机に頬杖ついて外を見れば、とってもいい天気。
パステルブルーの空。
ふんわり白い雲。
たまに風にまぎれてやってくる、小さな薄紅色の花びら。
「……はぁ」
なんとなく吐き出されるため息。
コツコツコツ。
机をこづく音がして振り向くと、隣の席に座っていた五条くんがこちらを見ている。
やぁ、五条くん。
今日もすてきに真っ黒サングラスだね。
「溜め息なんか吐いてどうしたんだよ?珍しいな」
「わたしだって生きてるんだから、たまには溜めた息を吐きだすことくらいあるよ」
「そういう意味じゃねぇよ」
わかってんだろ。って、おでこを指でつつかれた。
とん、とん、とん。
う、う、ぬ……指先の力も強いな五条くん。
「うーん、なんか今日はアンニュイな心地というか…」
「あんにゅいい?」
五条くんが変な声をあげる。
「どしたの五条??」
「、悟がなにかした?」
「傑…なんで俺なんだよ」
廊下に近い方の席で、各々過ごしていた硝子ちゃんと夏油くん。
五条くんの声につられて、二人も近くにやってきた。
「それは日頃の行いの差ってやつだろ」
「は?人のこと言えんのかお前」
「あーぁ…」
あーもう、二人ともすぐにばちばちしないで。
硝子ちゃんは逃げる準備しないでぇ。
そう思うものの、わたしの口からでるのはやっぱり溜め息で。
「ほら、のやつなんかおかしいだろ?」
「そうだね。
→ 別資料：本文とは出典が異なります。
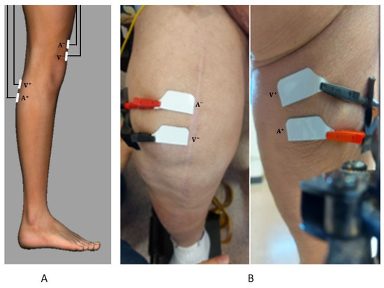 (A): Sagittal view of the leg model with electrode placement (B): actual electrode placement on the patient.
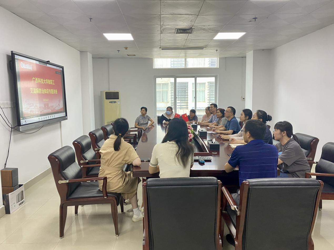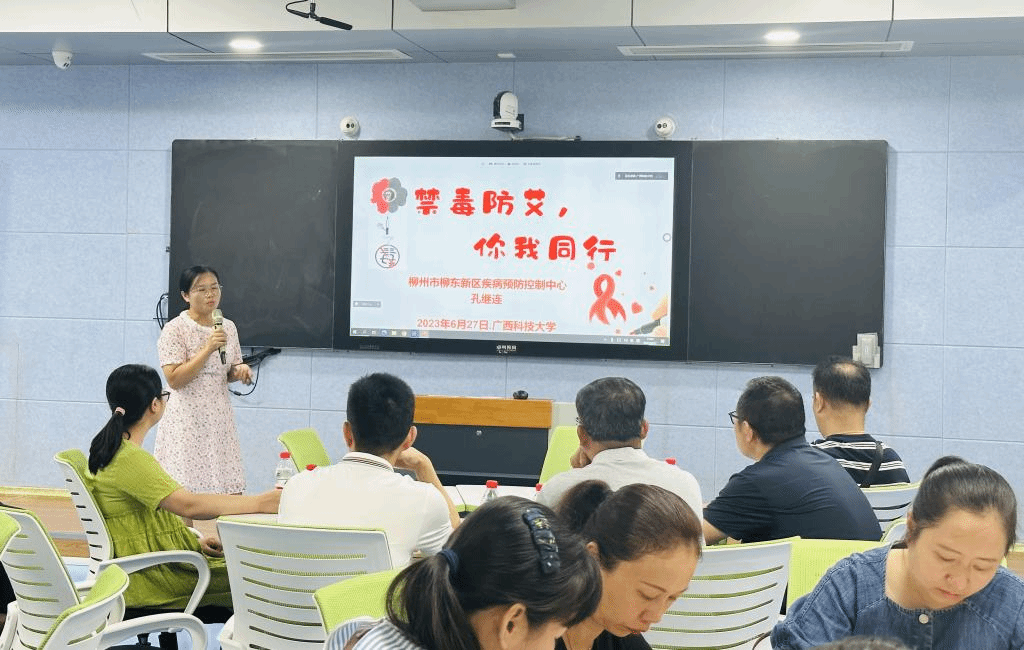 为深入实施我校“师生健康、中国健康”主题健康教育活动,帮助教职工深入了解艾滋病预防知识和提升自我保护意识,营造全社会参与艾滋病防治工作的良好氛围,6月27日下午,柳州市柳东新区疾控中心副主任孔继连受邀在文昌校区第四教学楼4D203智慧教室举办了“禁毒防艾,你我同行”的专题讲座。讲座采用线下线上两种方式,全体教职工共同聆听了本次讲座。
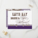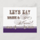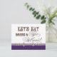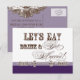 Des polices élégantes et amusantes annoncent le message, "Mangeons, buvons et marions-nous !" sur une carte postale d'invitation à la douche nuptiale fantastique. Dans une palette de couleurs propre, croustillante, lavande, prune violette, chocolat et blanc, c'est le meilleur de vintage avec une touche moderne. Ajoutez facilement votre invitation à la douche nuptiale au verso.
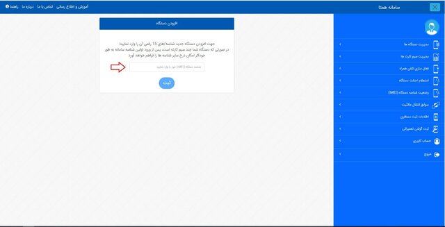 در صفحه بازشده، شناسه (IMEI) دستگاه خود را که میخواهید اطلاعات آن از کارتابل قبلی (کارتابل حذفشده) به این کارتابل انتقال یابد را وارد کنید و روی گزینه «ثبت» کلیک کنید. سپس پیامی مبنیبر وارد کردن شماره سیمکارت قبلی (سیمکارت منقضی یا واگذارشده) را دریافت میکنید. شماره سیمکارت را بهصورت کامل وارد کرده و روی گزینه «تأیید» کلیک کنید. در صورتی که اطلاعات واردشده صحیح باشد فرایند با موفقیت انجام شده و اطلاعات دستگاه شما در این کارتابل قرار میگیرد.
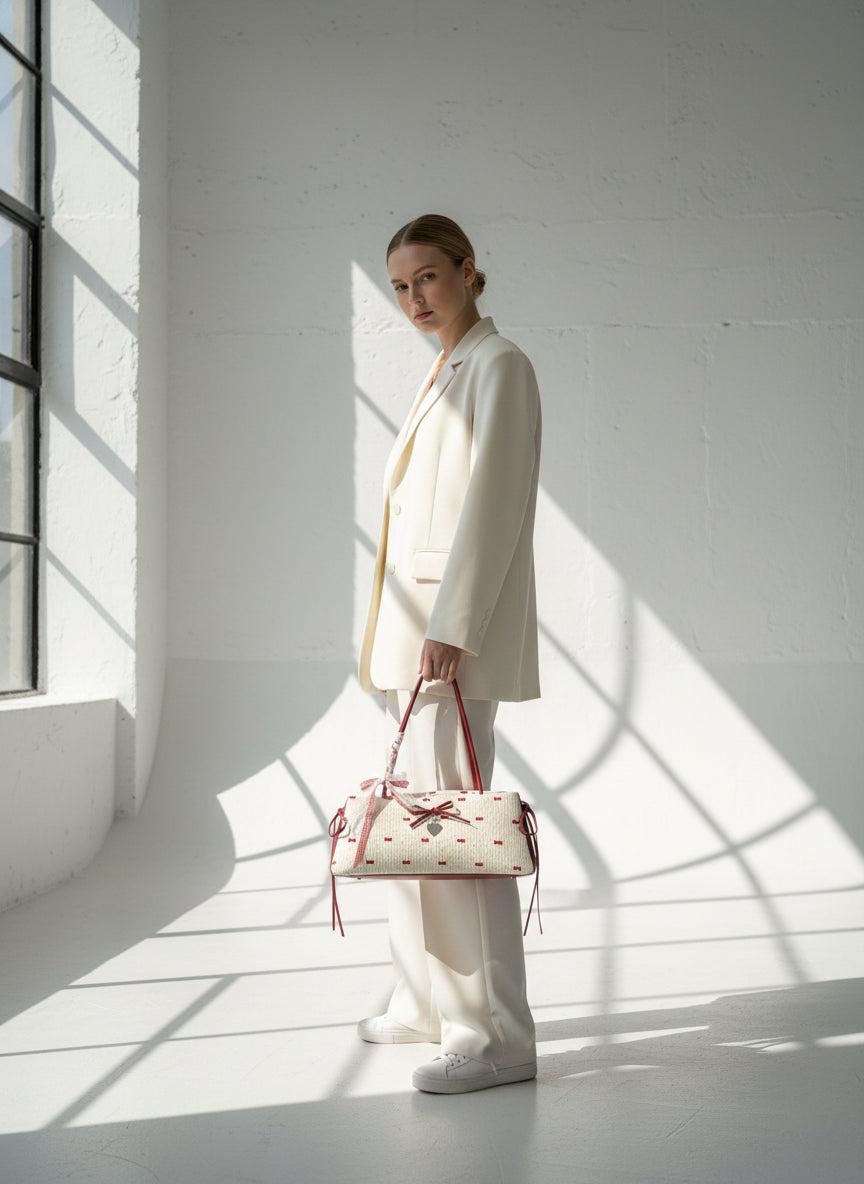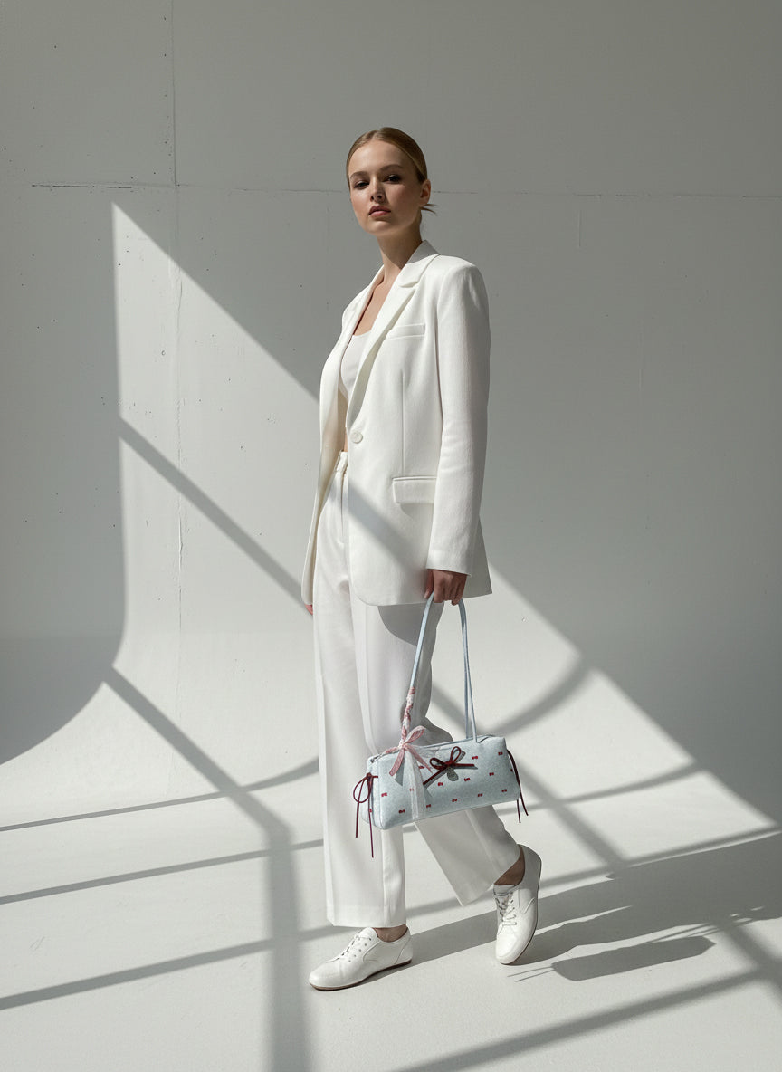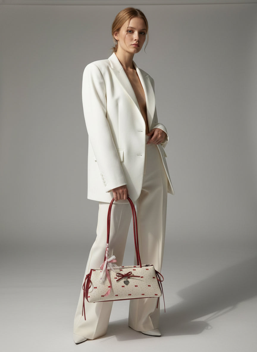 Elevate any outfit with this charming Bow Print Shoulder Bag, designed for those who love a feminine yet modern touch. Crafted with a structured rectangular silhouette, this bag features an all-over bow print with matching ribbon details and a heart charm that adds extra sweetness. The slim double handles offer comfortable wear on the shoulder, while the roomy interior easily fits your daily essentials like wallet, phone, makeup, and more. Whether you’re heading out for brunch, a date, or a weekend stroll, this bag brings effortless cuteness and style.
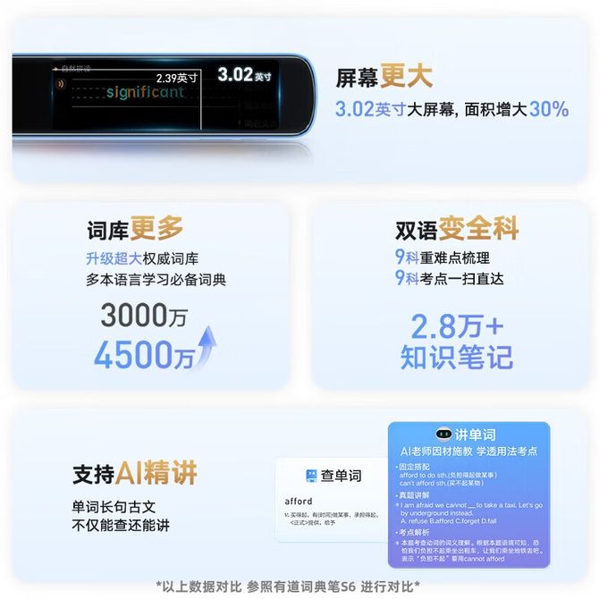 有道 英语点读笔智能离线扫描翻译词典笔S6 Pro(32G) 续航时间长,超大词库,会员产品咨询电话:4000312151 兑换价格 26100 里程 会员卡别 终身白金卡 白金卡 金卡 银卡 普通卡 儿童卡 服务 由 拓途天下数码专营店 发货并提供售后 词典尺寸: 3.0-3.5英寸 购买数量: 件 库存件 配送地址: 立即购买 加入购物车 成功添加到购物车 关闭 购物车共有 种商品 总金额为:

どうしたんだい?」
笑顔でにらみ合うのをやめて、五条くんと夏油くんが不思議そうな顔をする。
硝子ちゃんがそばに来て、わたしの頭をよしよしと撫でてくれた。
えへー…硝子ちゃんの手、きもちいー。
心地よさに思わず目を細めてしまう。
「いや、やっぱいつも通りだった」
「そのようだね」
「ねぇまって、もうちょっとつっこんで」
引き際がよすぎるよ。
もうちょっとこう、話を聞いてみるとかないのかな?
さみしい気持ちがわいてきちゃうよ?だだこねちゃうよ?ん?
「なら、さっさと話したいこと話せよ」
わかってるよぉう。
「ほんとに何かあるのかい?」
夏油くんはさらっと失礼!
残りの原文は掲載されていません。